Illegal Contact (The Barons #1)

Gavin stared at me, saying nothing.

“Do you talk to your neighbors at all?”

“No.”

“Did you just move here?”

“No.”

Why was this like pulling teeth? I grasped at small-talk straws, but Gavin was more unnerving than he’d been last time. He maintained direct eye contact, barely blinked, and spoke in curt monosyllables. Well, unless he was defending the sacred art of football.
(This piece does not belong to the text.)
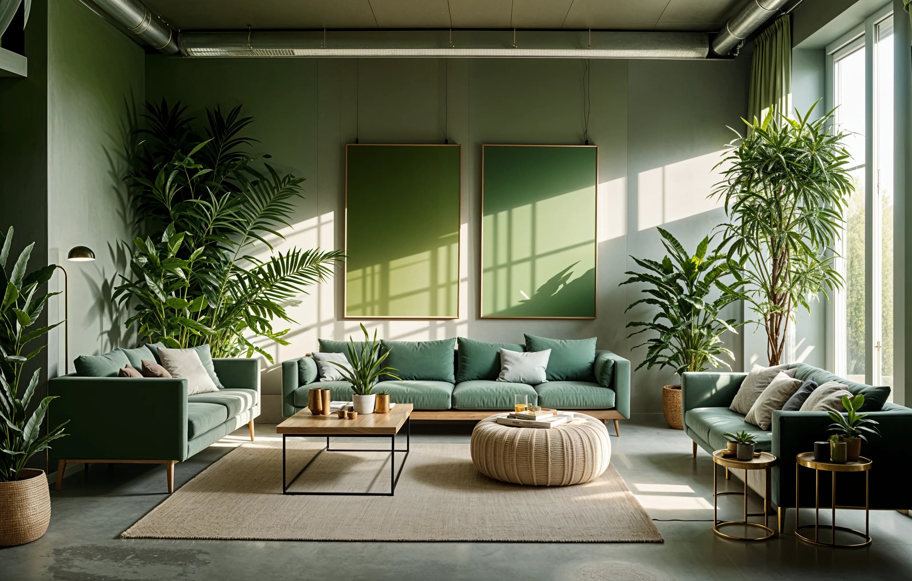Biophilia = love for plants. With a focus on sustainability and human well-being, this style aims to reduce stress and enhance productivity by bringing a sense of nature to the interior. It utilizes elements such as abundant natural light, organic shapes, carefully selected sage green and living plants to create a harmonious and balanced environment. It blurs the boundaries between indoor and outdoor spaces, promoting a sense of calm and rejuvenation.

“Oh. It seems pretty empty.” Where the hell had he grown up again? I wracked my brain for the information I’d dug up online the night before. “Do you like Long Island better than New Jersey?”

“I hate them equally.”

Did Gavin Brawley not hate other things? It was a mystery.

“Are you remodeling?”

A glimmer of annoyance crossed Gavin’s face. “You’re the fourth person to comment on my interior design in the past week. Why does it matter?”

“Because it looks like you’re squatting in an empty mansion.” I winced. “Sorry. I’m not usually this sarcastic when talking to potential employers.”

“You should probably work on that. My fuse is short and burns fast.”

“So I’ve heard.”

Gavin pointed at me. “You did it again.”

“What?”

“Were a smartass.”

I spread my hands. “I don’t know what to say. I really want this job, but ever since that first interview . . . I don’t know. We got off on the wrong foot and I can’t seem to steady myself.” Because of your jerk manager.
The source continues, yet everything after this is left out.